I'm not bothering to roll any of the fights in this chapter. Thanks to Shadow Clones and Summons and the nature of the opponents, you are facing zero risk so there's no point spending the time and effort on it.
"You bought this?" Noburi said doubtfully. The three of them were standing atop the last ridge before the valley that was the western demarcation of the Gōketsu iron mine and surrounding land.
Hazō nodded but didn't say anything. He was wrestling with his own response and trying to find a way to frame it positively.
"I question your financial acuity," Keiko noted.

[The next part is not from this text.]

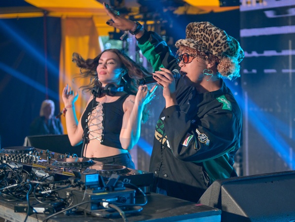 Eva Lazarus and DJ Hazel Marimba at Mucky Weekender 2025 -Thursday, Vicarage Farm, Woodman Cott, Winchester, Credit:Jules Annan / Avalon
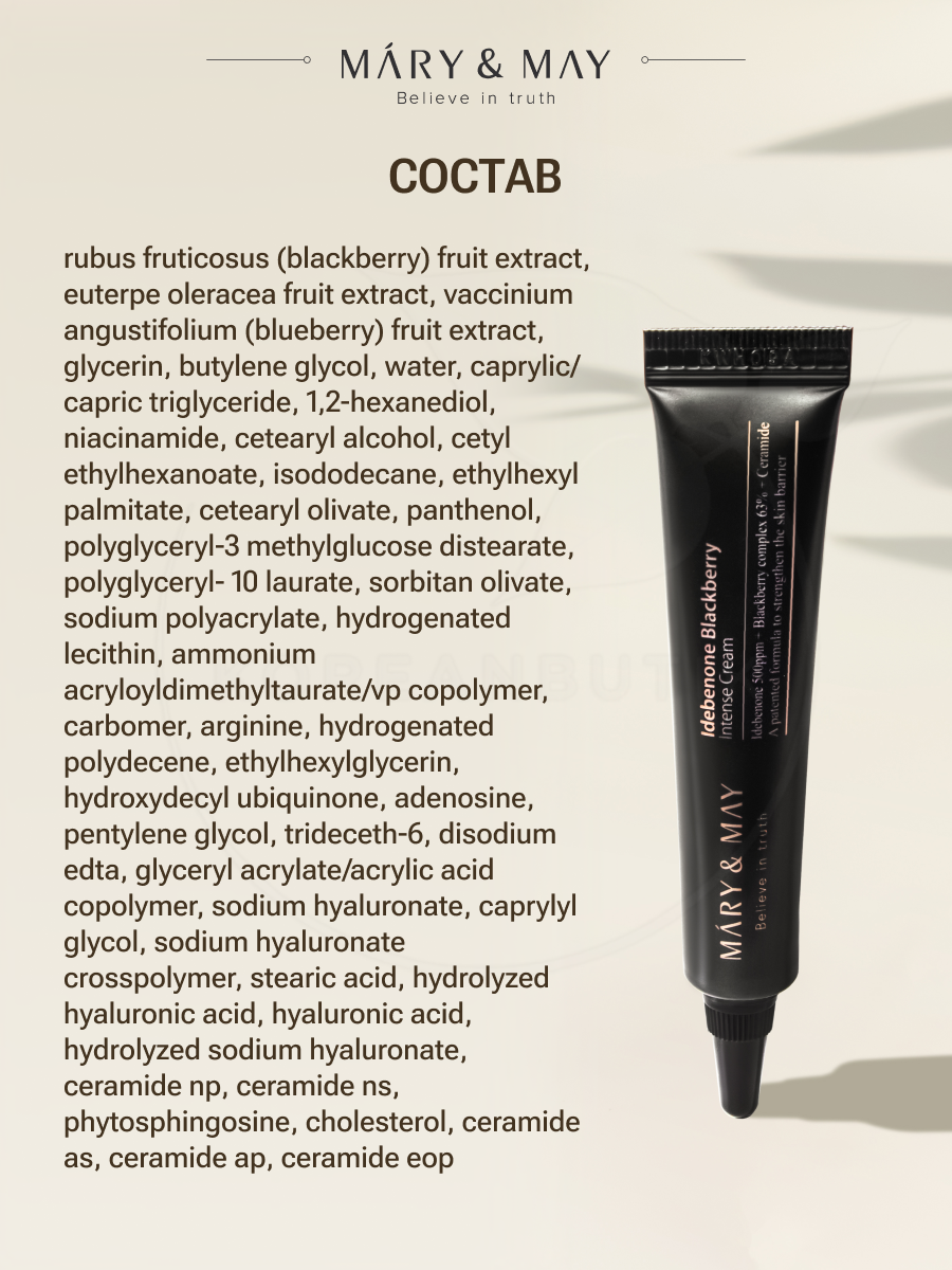 Купить Крем для лица с идебеноном и ежевичным комплексом | Mary&May Idebenone Blackberry Intense Cream 12 g

"It was never intended as a profit center," Hazō said defensively. "I was thinking about it as an emergency bolt hole if we needed to escape Leaf after Hyūga got elected."
Noburi grunted. "Check me on this, but am I correct that I'm looking at about twenty, maybe thirty acres of land?"
"About that, yes. We've also go the next valley over, which is something like twice as big."
"Uh-huh. And am I also correct that it is a literally unbroken field of bloodbriar and tanglethorn?"
Well, that was unfair. "It's not unbroken," Hazō said, pointing. "There's that big tree right there." He hesitated and then decided that he did in fact need to add, "Also, apparently there's sickvine mixed in."
His brother gave him a sidelong glance. "Seriously? You know that shit is practically impossible to get rid of, right? The rest of it, fine. Enough applications of Kagome's First Rule and maybe we'd have something, but if there's sickvine in there as well...."
"It is possible to eliminate large fields of sickvine," Keiko said. "It merely requires a tremendous amount of effort. We will need to destroy all of the plants, then burn the ground to get rid of their spores, then turn the earth over so that the roots of the plant are exposed. My pangolins are well suited to that task. We will undoubtedly miss some but regular patrols can keep the problem manageable."
"What a bunch of whiners," Candoru muttered.
"Excuse me?" Hazō asked his summon. "I didn't quite hear that. Would you like to try again?"
"C'mon, guy! It's just a bunch of plants! How bad can it be?"
The three experienced ninja looked at one another.
"Summons don't breathe, right?" Hazō asked Keiko.
She shook her head. "They do not. Chakra construct only, no biological processes."
"Hang on," Noburi said. "They have a sense of smell. How does that work?"
Candoru's tongue lolled. "A lot better than yours, two legs."
"Har de har de har. You're so funny."
"Thank you for recognizing this additional aspect of my greatness."
Noburi shook his head. "Yeah, that's not going to get old."
"Why don't you go inspect the valley for us, Candoru?" Hazō said innocently.
Candoru looked up at his summoner dubiously. "This is one of those things where you think I'm not going to be able to hack it, isn't it? One of Alpha's little 'get him killed as much as you can because the scoutmasters dislike being shown up for the fuddy-duddy scaredy-pups they are' things?"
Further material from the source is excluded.